Those who work in digital collections often talk about supporting scholarship and new research. While that’s certainly an important endeavor, occasionally it can be fun to explore the wacky and weird in the archives without necessarily having higher academic pursuit in mind.
Since December 2013, I have been working closely with the Edward and Orra White Hitchcock collection held by Amherst College. As the Metadata Resident, I look at individual objects in depth to attach titles, dates, subject headings, and abstracts (among other things) to these items to make them discoverable in our online collections in Amherst College Digital Collections (ACDC). I have read nearly all of the letters that passed between Edward Hitchcock and Benjamin Silliman, have read pages upon pages of sermons written by Hitchcock during his early career as a Congregationalist minister, and have become quite the expert at reading Hitchcock’s notoriously bad handwriting. In all, I’ve read over 200 letters, 144 sermons, 28 sermon outlines, packets of lecture notes on botany, chemistry, and natural history, and much, much more. Often, I come across passages, phrases, or situations that strike me as funny and I thought I’d share some of them.
1.) An 1854 remedy for constipation:
In a letter Edward Hitchcock wrote to his son, Edward Hitchcock, Jr., he writes: “I am sorry to hear that Mary [Hitchcock Jr.’s wife] is unwell: yet I think she cannot be well so long as troubled with obstinate constipation. I am sorry I did not converse with her about it: for this has been one of my troubles. Yet I have conquered it mainly by coarse bread, applesauce, and milk diet. Perhaps she would prefer the disease to the remedy.” Hitchcock was constantly ill and it’s rare to find a letter from him that doesn’t mention his poor state of health, but generally his ailments included fatigue and problems with his lungs, so I just had to laugh at this unexpected ailment and cure.
2.) A pocketful of bats:
In October of 1860, Edward Hitchcock, Jr. was traveling in Switzerland. One of the letters written to him during this time includes pieces written by six members of the Hitchcock family. Charles H. Hitchcock, who was 23 or 24 at the time, had just been involved in a naming ceremony to name a summit in Dorset, Vermont, “Mt.

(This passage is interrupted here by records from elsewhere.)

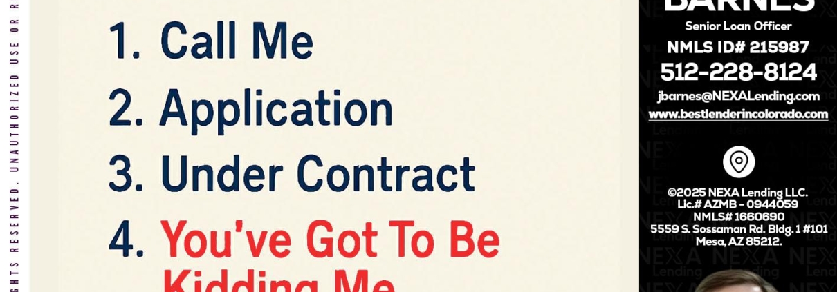 Hi, my name is James Barnes. I’m a Loan Officer with NEXA Lending LLC., offering personalized mortgage solutions, fast customized quotes, great rates and service with integrity.
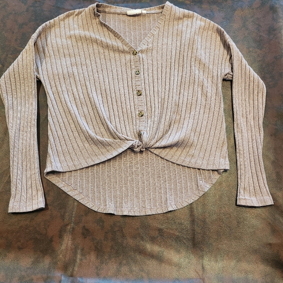Elevate your style with this chic beige ribbed knit top. Perfect for casual outings or a relaxed day at home. The soft fabric ensures comfort and a flattering fit.
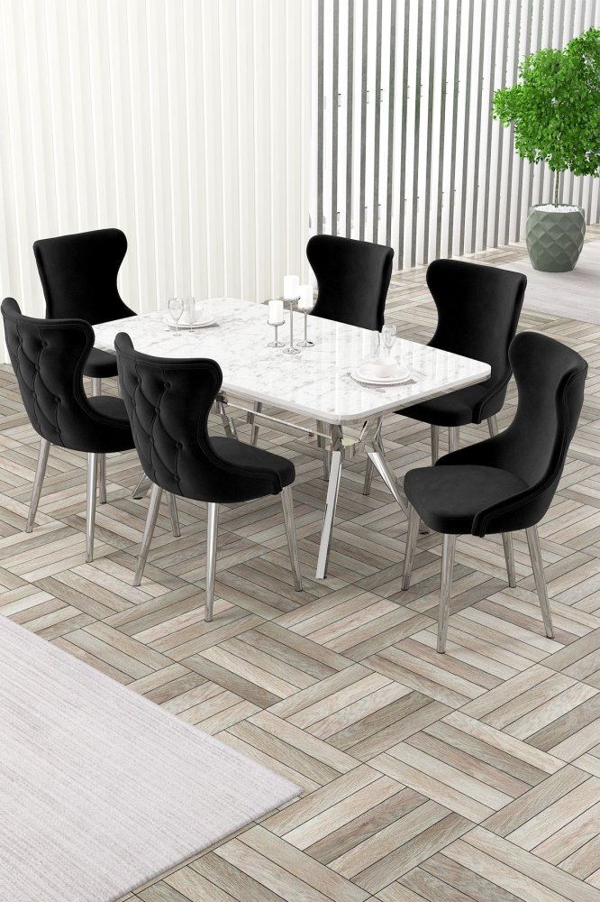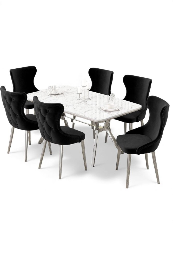 | Specifikacija | Rasklopivi trpezarijski sto i stolice (7 delova) Esla White Marble Chrome Black 100% LAKOVANI PANEL Metalne nogare Okvir stolice: ŠPERPLOČA / METAL Materijal: Mekana tkanina Trpezarijski sto: Širina: 160 cm Visina: 75 cm Dubina: 90 cm (1 komad) Stolica: Širina: 45 cm Visina: 91 cm Dubina: 46 cm (6 komada) Visina sedišta: 47 cm 22 DNS pena za leđa / 28 DNS pena za sedenje Broj pakovanja: 5 169 x 99,5 x 10,5 cm / 25,76 kg (1 komad) 37,5 x 80 x 19 cm / 7,58 kg (1 komad) 85 x 59 x 50 cm / 22 kg (1 komad) 62 x 48 x 56 cm / 12 kg (1 komad) 62 x 48 x 56 cm / 14 kg (1 komad) |
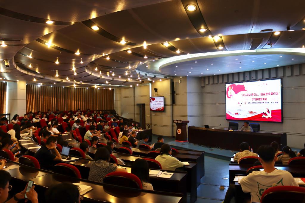 6月23日下午,党委常委、副校长乔均在仙林校区行政楼二楼报告厅讲授“共忆党史悟初心、担当使命勇作为”党史学习教育主题党课。对外联络处、信息化建设管理处、图书馆、档案馆、学术期刊编辑部、工商管理学院、艺术设计学院教职工党员代表、工商管理学院研究生党支部全体师生党员以及相关部门的党外代表人士参加党课学习。
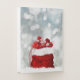 Christmas presents in the red bag on shiny bokeh background with text...Merry Christmas.
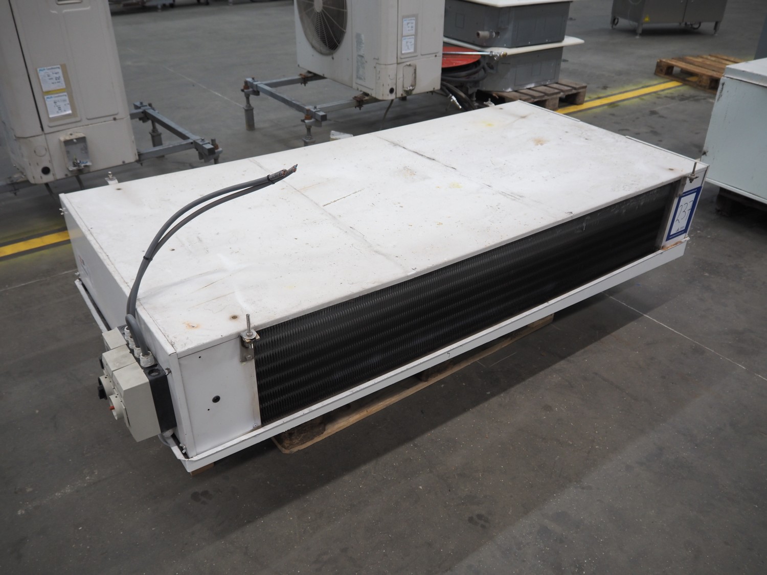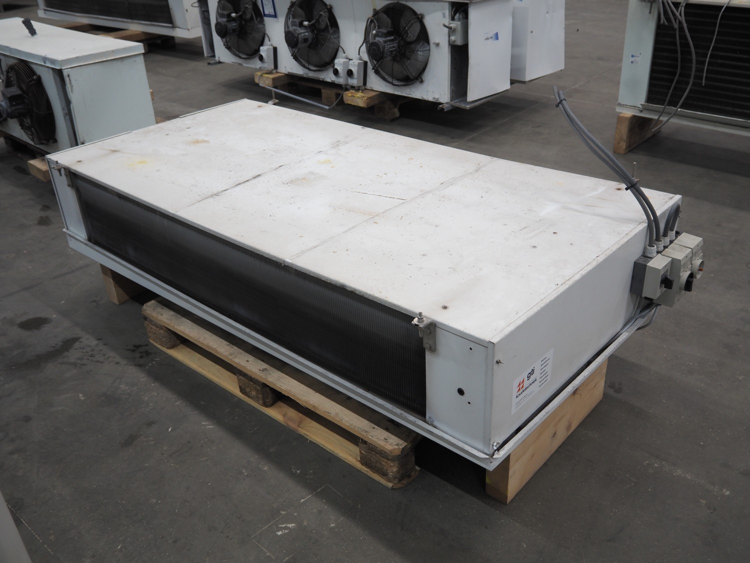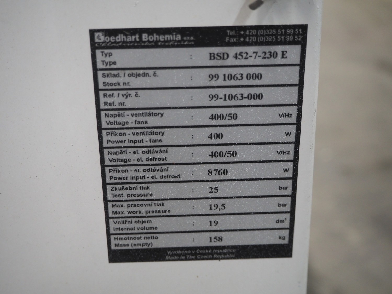 Goedhart Bohemia evaporator, 2 fans, type: BSD 452-7-230 E, number: 99 1063 000, 400 V, 50 Hz, 8760 W, maximum work pressure: 19.5 bar, weight: 158 kg, dimensions: 2200 mm x 1050 mm x 550 mm.

Eolus” [now Mt. Aeolus]. I was surprised to read this passage about the trip to Vermont: “I obtained a pocketful of bats at the Eolian cave …” At first I assumed this meant dead bats, but I read on “… and have them now in a glass before me. There are five or six of them. They are now quite active, though torpid when taken from the cave. One flew out of my pocket on the way down the Mt. Two of them have been flying round my room, & one I rather think got out of the house & flew to the church. […]I have just let my bats loose & they are flying all over the room with great joy.”
The letter seems to indicate that Charles was back in Amherst at the time of writing. How Charles not only managed to take “five or six” live bats from a cave in Vermont but also managed to get them home to Amherst (a two-hour car ride now, Dorset, VT, to Amherst, MA, was quite the journey in 1860) I have no idea, but it’s impressive to say the least.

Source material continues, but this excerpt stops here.